I took his hint. “I won't tell.” I remembered why I had come to visit him, the information I needed. It seemed harsh to question a man so sick, but he was relaxed now, and I could tell he did not wish me to leave.
We may as well talk,
I thought.

“There are a lot of rumors,” I said, “about the family's secrets. In town.”

Martin nodded. “They've never liked us in the village. Mother has never tried to ingratiate herself, I'm afraid, and Father only bothers with his wealthy friends. When Mother hired David Wilde as her man of business, it put the final nail in the coffin.”

“David Wilde is disliked so much?” I asked. “Just because he has one hand?”

An expression of discomfort flitted across Martin's face. “Let's just
say no one in town approves of Mr. Wilde. What else do our happy neighbors say of us?”

I stared down at my hands in my lap. “That your sister haunts the woods,” I replied. “That the children won't play there.”

That brought a frown from him. “False,” he declared. “Franny wandered the woods, yes, but she was terrified of the town children when she encountered them. They bullied her mercilessly. I can't imagine she'd come back from the grave to seek them out now.”

“They say they've seen her,” I persisted, embellishing a little so I wouldn't have to admit that the one who had seen her was me. “And they say she has a dog.”

Martin turned his head sharply on his pillow and looked at me. “Now, that's interesting,” he said. “That they're still talking about Princer.”

I blinked at him in surprise. “Princer? There truly was a dog?”

“No,” he replied. “There wasn't a dog.” He saw the confusion on my face and added, “There was only a dog in Franny's mind, do you see?”

“So it was one of her hallucinations,” I said. It made sense, then, why Dottie would deny the dog's existence at the inquest.
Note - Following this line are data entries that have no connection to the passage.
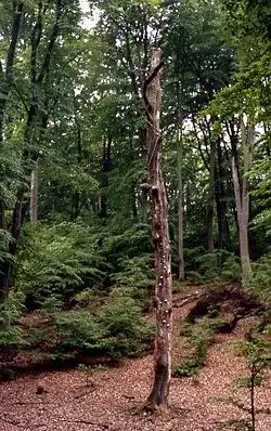Dans une hêtraie naturelle, le stock permanent de bois mort est significatif : une hêtraie sub-naturelle extensivement exploitée a été étudiée sur 8 ha en forêt de Serrahn, en Poméranie occidentale dans le nord-ouest de l'Allemagne ; On y trouvait en moyenne 94 m3/ha environ de bois mort, soit 14 % du volume total de tout le bois. On a aussi étudié durant 35 ans deux petites placettes permanentes d'observation protégées de l'exploitation (sur respectivement 0,36 et 0,25 hectare) ; sur ces 2 parcelles, environ 10 % des arbres sont morts à différents degrés de décomposition, et sur une large gamme de hauteurs ou diamètres, avec à la fois des arbres morts debout, ou non et couchés/déracinés[8]. fragmentés ou non... Le motif de répartition spatiale globale des arbres morts est de type aléatoire, hormis pour les arbres déracinés qui présentent une légère tendance à l’agrégation en îlots dans certains chablis[8]).
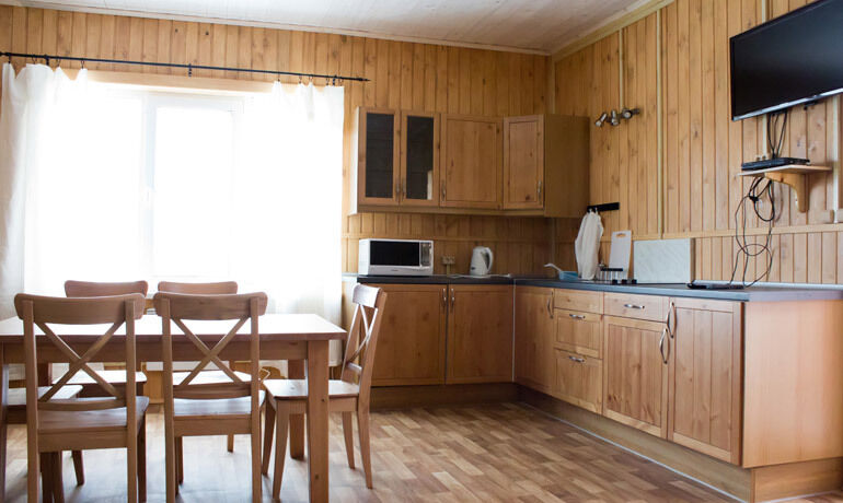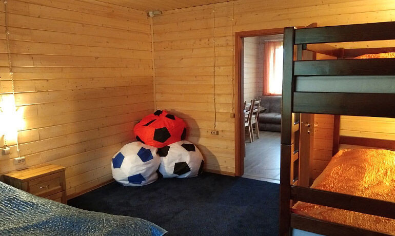 Номер для Вашей семьи с большой двуспальной и детской двухярусной кроватями. Есть своя небольшая кухня, где можно готовить. 2 дополнительных спальных места расположены на раскладном диване.
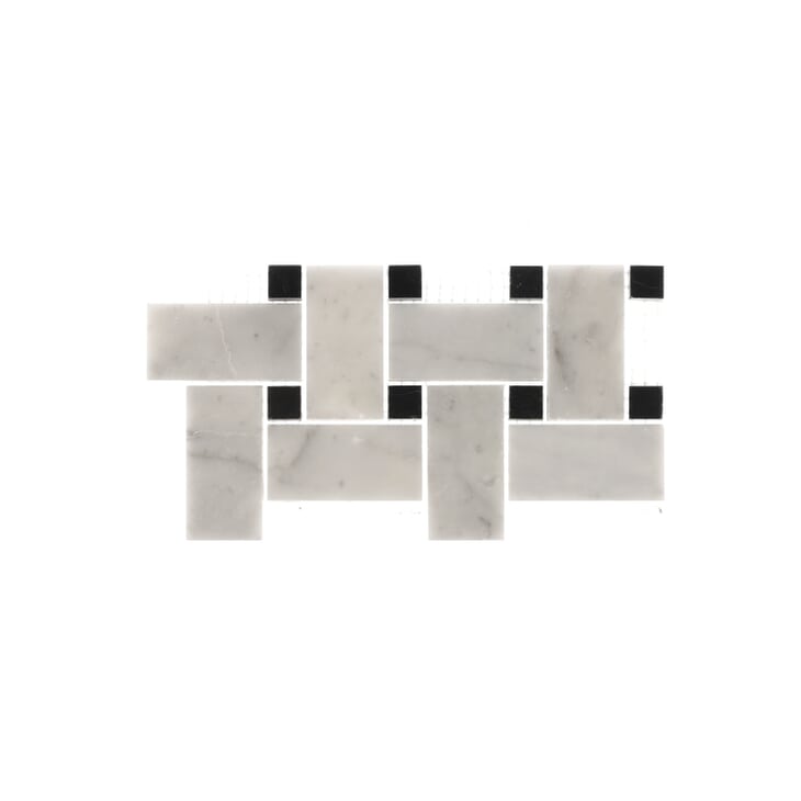 Add fresh and modern style to any room within your home with these interlaced, basket weave-designed beauties from our Trenza Collection. Composed of white Carrara marble and accented with black dots, this classic basket weave design will bring warmth and a natural ambience to your home for many years to come. The mesh backing not only simplifies installation, but also allows the tiles to be easily separated, adding to design flexibility.
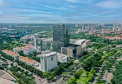 - The International Commercial and Financial District – C District: Simply known as The Financial District (FiDi), it is most important district of the zone, often known as the CBD of South Saigon, along with the Thủ Thiêm New Urban Area and the historical city centre included District 1 and 3, is one of the most important CBD of Ho Chi Minh City with many office buildings are built here e.g. UOA Tower, Vinamilk Tower, Manulife Plaza, Saigon Paragon, Lawrence S. Ting Building, and the Victory Tower of Petroland (the current highest tower in District 7 and South Saigon area), etc. Multinational groups also banks, exchange and financial companies open their offices here, some notable tenants here are Vinamilk, the Vietnam subsidiaries of UOA Group, Unilever, Manulife, KPMG, etc. The Saigon Exhibition and Convention Center (SECC) is also located here, which has hosted many major exhibitions, conferences, and concerts. The district is also home to the District 7 Administration Center and the. Moreover, there's still have residences, condotels and hotels constructions including Saigon South Hotel of French hotel brand Ibis, Capri Hotel Residences and Star Hill Residences, Dinh Thien Ly 1 School also here.
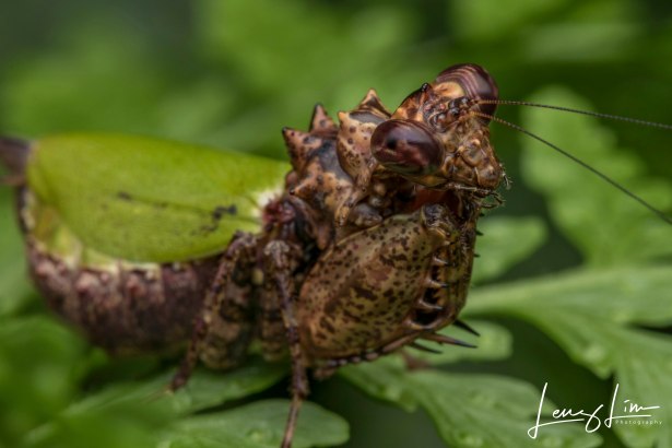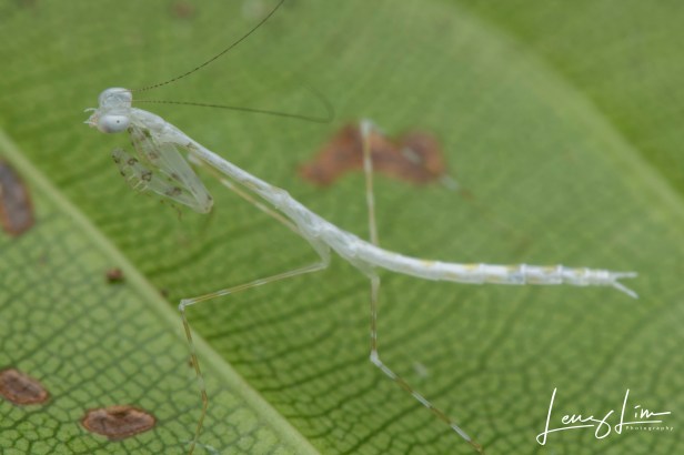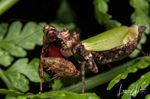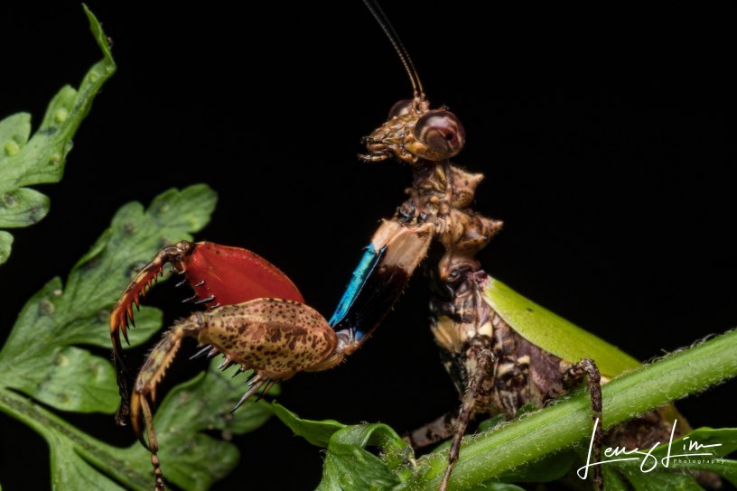 Look at all those spikes! While shooting this mantis, we noticed that only at a certain angle, a beautiful iridescent blue can be seen on the inner-side of her front legs. Took a long time getting the shot especially after my focus light died on me~ Check out the results below!
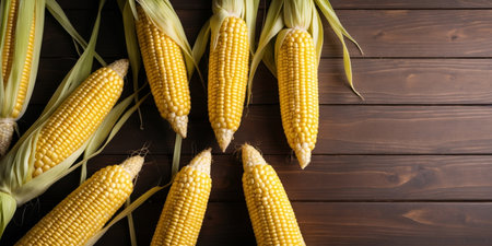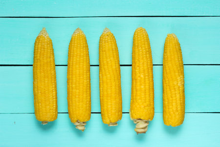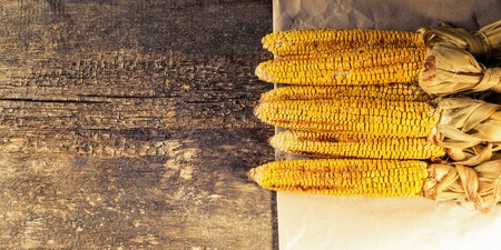 Boiled corn on the cob on a rustic table. Close-up. Copy space. Top view

“Princer was different,” Martin said. “She imagined him, yes. But he was different. He appeared later. He came through the door, like the others, but Franny trusted him. He was her ally. I think she conjured him in an effort to soothe herself, to bring herself comfort.” He shook his head. “I'm not explaining it right. It's so hard to make someone understand who didn't live with Franny. Her delusions became so real after a while.”